Chapter 24 Silas #2
No, she's not strong enough. She doesn't have to be, though.
"You aren't fighting her. You're cutting off her necklace, taking back my blood.
That's your only job. I'll kill Pierre when he comes inside to get Deidre, while you sneak into her room and get my blood.
After that, I'll kill her myself. You can do this.
You only need to distract her long enough for me to catch up to you. "
No one ever would have asked me to give a pep talk, and I find myself lacking. Still, I'm all Lily has, so I try to smile, though I'm sure it looks more like a grimace.
The plan is haphazard at best, with a million variables. But it's what we have.
It's more than I've had in years.
Lily nods, tucking her knees under her chin, hugging her legs close.
"How did you do this for so long?" she asks.
Her haunted eyes look at me, then around the cell.
I imagine she thinks she'd never last five years.
Maybe she wouldn't. But Lily's shown a kind of strength I hadn't seen in some of the other stolen shifters these witches have brought here before.

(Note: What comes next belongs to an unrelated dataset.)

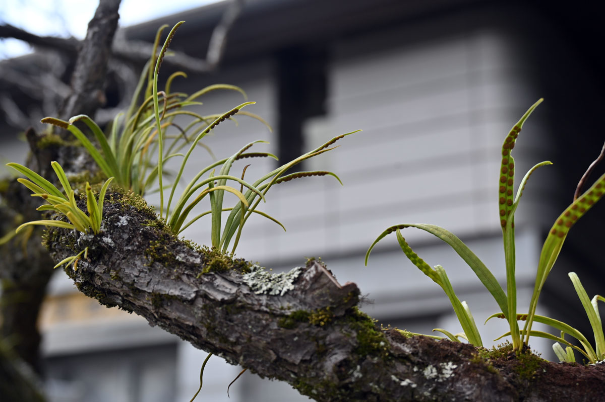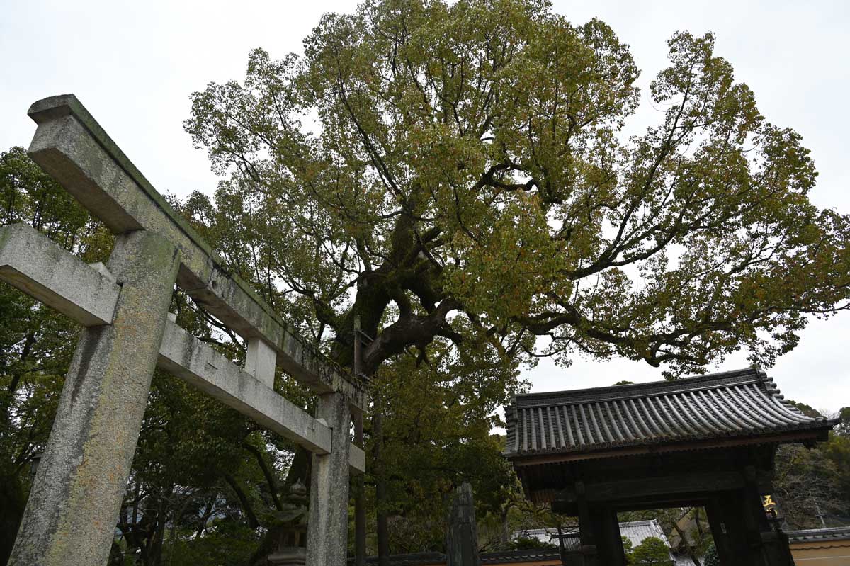 ・回廊の上にクスノキが鎮座する。

Many of them broke long before Deidre was done with them, before their bodies went cold.
I don't have an answer that would make sense.
Do I tell her some years were easier? The chains felt lighter when I stopped fighting? How do I even admit to Lily—to anyone, because a fucking reckoning will come—that there was ever a time I stopped fighting?
There were days in the beginning when I couldn't tell where Deidre's commands ended and my will began.
Even though I was blood-soaked, dragged back here after every task, every mission, they still stripped me of everything but my shame, and eventually, I got so used to it that the emptiness inside me became cold and calcified. I just adapted. Numbed myself.
I got used to it. Moon Goddess fucking help me, I got used to it.
There was warm food, full meals. A roof and a bed.
How do you admit that the worst parts weren't that bad because I got food and a bed?
It was that scent that destroyed the careful alliance with my sanity.
Jasmine. Dogwood flowers. So sweet. Almost too sweet. Summery heat, like the wind picked up and carried the flowers through the breeze. Succulent, too. Honeycomb dripping nectar, rich and ripe, ready to be cut open and feasted upon.
The scent dragged me toward a dingy party, and I followed, like a cartoon pup stealing pie from a windowsill. And there she was. Glowing. Like a goddess. Fiery red hair, pink lips. Tiredness in her eyes.
The faintest hint of an omega scent, stuck beneath her skin, pulsing, like it needed—begged—to be let out.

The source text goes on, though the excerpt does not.